Another interesting and popular ETA mechanism is the V-shaped ETA, often also referred to as the Chevron-type ETA [14]. In its simplest form, the V-shaped ETA is composed of a series of beams interconnected by two anchors and a central shuttle (Figure 2). The electric potential (V) is applied between the two anchors, which are mechanically fixed structures that allow for virtually no translation and/or rotation. The beams and the shuttle that are suspended act as moving/dynamic elements. Contrary to the hot and cold arm design, the V-shaped ETA does not depend on differential heating to render a displacement but rather on global joule heating of the beams. The structure may be perceived as a fixed-fixed structure whereby when the beams expand, the tendency would be for them to buckle. For this reason, a pre-bend angle (θ) is applied to the beams to facilitate the in-plane displacement in the required direction.

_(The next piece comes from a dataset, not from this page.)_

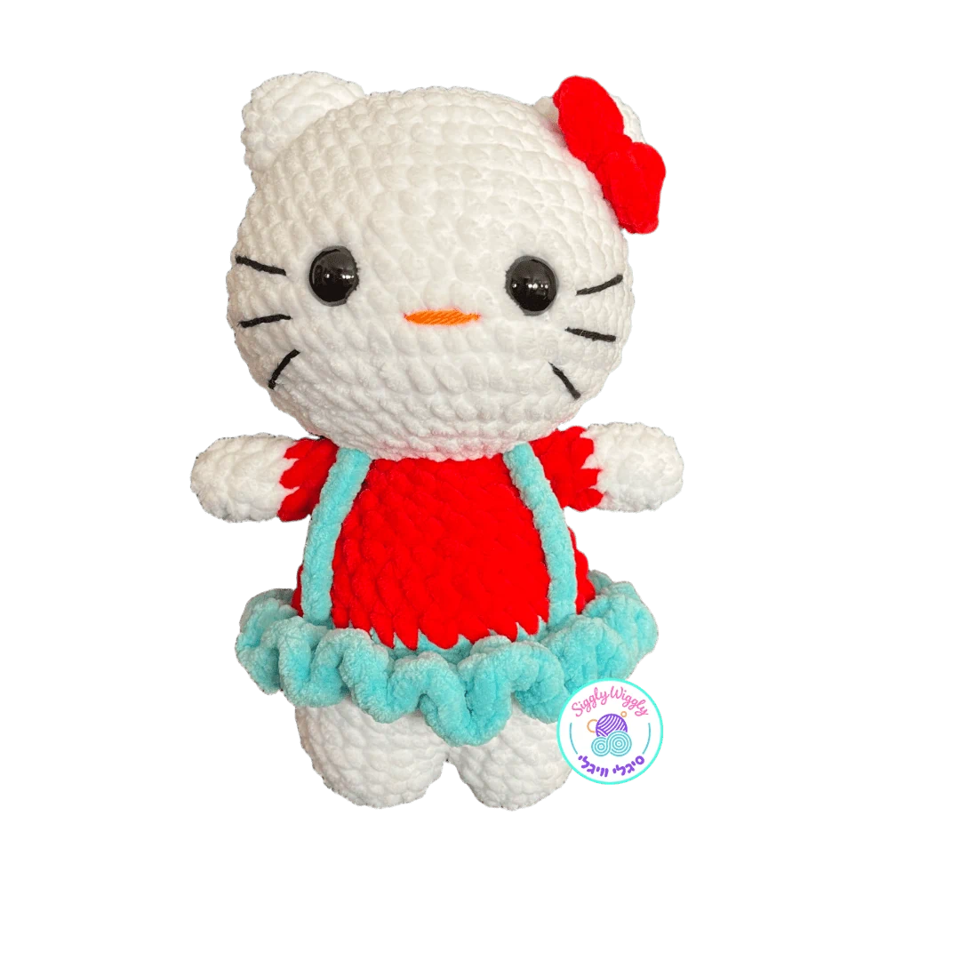 חתולה לבנה וסרוגה בעבודת יד עם פפיון אדום וחצאית טורקיז מתנפנפת שמעניקה לה אופי חגיגי ומלא חיים. השילוב המגניב של אדום וטורקיז הופך אותה לבובה שתופסת את העין ולא משחררת. קשה לעמוד בפניה.

This work focused on a V-shaped ETA, in particular, one manufactured using the SOIMUMPS^TM (Silicon-on-Insulator Multi-User MEMS Processes) micromachining process. The SOIMUMPS stack schematic is illustrated in Figure 3. The reader is referred to [15] for a description of the process and design rules. The geometric parameters associated with the structure under analysis in this work may be seen in

Table 1. Nominal geometric parameters of the MEMS structure (see Figure 2a for annotations).

Parameter	Value
Distance from anchor to centre of shuttle parallel to beams, L (µm)	464
Width of beams, ${\mathrm{w}}_{\mathrm{B}}$ (µm)	6
Beam spacing, ${\mathrm{w}}_{\mathrm{G}}$ (µm)	10
Pre-bend angle, θ (°)	7
Number of beams per side	10
SOI silicon thickness, tSOI (µm)	25

and are duly illustrated in Figure 2a and Figure 3. This design concept was the candidate of choice for assessment due to its simplicity, popularity, and potential in various engineering sectors. The V-Shaped ETA may be combined with various secondary amplification mechanisms that, as such, make it a versatile driver for multiple applications in microgripper use [16,17]. In subsequent analyses, nominal dimensions, as tabulated in Table 1, were considered. All process-induced irregularities and tolerances are omitted.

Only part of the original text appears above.